**Work instructions:**
Copy the data that follows exactly. Include no pictures.

**Provided material:**
- - - - -
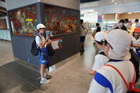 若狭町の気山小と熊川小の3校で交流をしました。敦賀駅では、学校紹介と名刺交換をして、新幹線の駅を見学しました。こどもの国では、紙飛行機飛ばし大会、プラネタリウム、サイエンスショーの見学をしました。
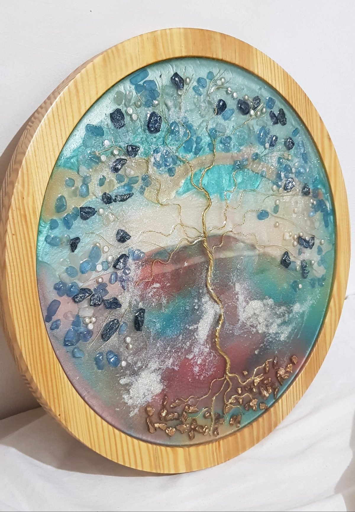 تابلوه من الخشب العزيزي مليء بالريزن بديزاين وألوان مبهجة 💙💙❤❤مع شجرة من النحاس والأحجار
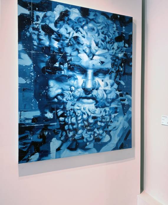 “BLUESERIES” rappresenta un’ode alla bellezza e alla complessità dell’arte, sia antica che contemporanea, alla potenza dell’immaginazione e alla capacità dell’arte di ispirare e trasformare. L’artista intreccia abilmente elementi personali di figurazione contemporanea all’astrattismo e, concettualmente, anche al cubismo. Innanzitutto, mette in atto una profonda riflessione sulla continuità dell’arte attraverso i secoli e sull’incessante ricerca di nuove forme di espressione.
- - - - -
**Task output:**
 若狭町の気山小と熊川小の3校で交流をしました。敦賀駅では、学校紹介と名刺交換をして、新幹線の駅を見学しました。こどもの国では、紙飛行機飛ばし大会、プラネタリウム、サイエンスショーの見学をしました。
 تابلوه من الخشب العزيزي مليء بالريزن بديزاين وألوان مبهجة 💙💙❤❤مع شجرة من النحاس والأحجار
 “BLUESERIES” rappresenta un’ode alla bellezza e alla complessità dell’arte, sia antica che contemporanea, alla potenza dell’immaginazione e alla capacità dell’arte di ispirare e trasformare. L’artista intreccia abilmente elementi personali di figurazione contemporanea all’astrattismo e, concettualmente, anche al cubismo. Innanzitutto, mette in atto una profonda riflessione sulla continuità dell’arte attraverso i secoli e sull’incessante ricerca di nuove forme di espressione.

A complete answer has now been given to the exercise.